The polluter pays – but who is the polluter?
In the first of a new series of articles addressing key Questions of Law affecting the environmental and waste sector, LAWE has invited co-authors Jonathan Ely, Solicitor, & Neil Toner, Partner, of Lewis Silkin, to comment on the "Circular Facilities Case" which has important implications for local authorities
A brave new regime to tackle contaminated land was promised by Part IIA of the Environmental Protection Act 1990. In particular it was heralded as being based on the “polluter pays” principle. However, five years after coming into force, it is still uncertain who the legislation sees as being the “polluter”. A new case has gone some way to bring clarity to the issue.
The enforcing authority – usually the local authority – is required to identify “Appropriate Persons” liable to carry out or pay for remediation. In the first instance, this is anyone who “caused or knowingly permitted the contaminating substances to be in, on or under the land”. You might assume, on the polluter pays principle, that this was intended to catch the person who placed the contaminants in the ground. However, the scope of the legislation is wider than that, as the new case confirms.
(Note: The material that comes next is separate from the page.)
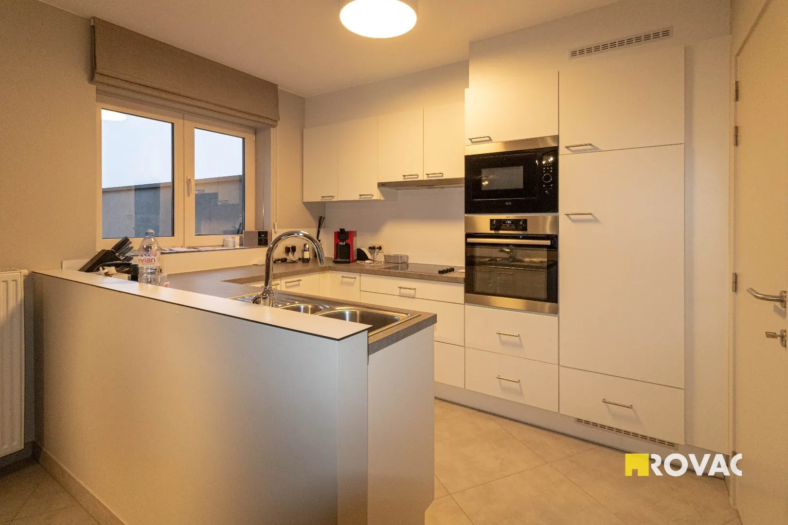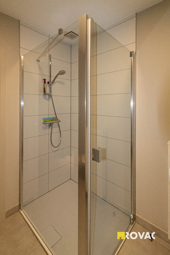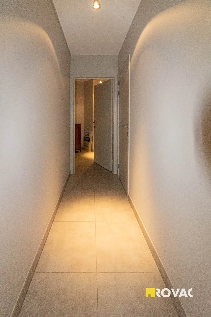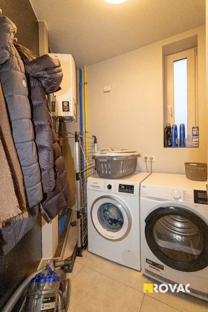 Volledig instapklaar en ruim appartement uitgerust met centrale verwarming op aardgas, bestaande uit inkomhal met gastentoilet, bergruimte/wasplaats, leefruimte voorzien van zonwerende screens met open ingerichte keuken voorzien van alle toestellen zoals kookplaat, koelkast, vaatwasmachine, oven en microgolfoven, extra bergruimte, ruim zonneterras, badkamer met inloopdouche en lavabomeubel, 2 slaapkamers, ruime garage voorzien van elektriciteit.

The Circular Facilities Case
The case, Circular Facilities (London) Limited v Sevenoaks District Council, concerned a landfill site. Clay pits had been dug on the site and during the 1960s and 1970s, while Mr Kinchen-Goldsmith and later Mr and Mrs Scott owned the site, these were infilled with waste.
In 1979, Circular Facilities bought the site. Forming an informal partnership with Circular Facilities, Mr Scott took on the responsibility of developing houses on the site. As part of the planning process, Mr Scott submitted a soil investigation report to the planners. It indicated the presence of black organic matter on site and gases bubbling through the soil. No measures were taken to remove or contain the waste when the houses were built.
After the legislation came into force in 2000, the council concluded that the gases presented a danger and served a remediation notice on Circular Facilities, as a “knowing permitter”, requiring measures to be taken to vent the gases and aerate the soil. Whilst the council and Circular Facilities argued over liability, the council carried out the works themselves and sent the bill to Circular Facilities.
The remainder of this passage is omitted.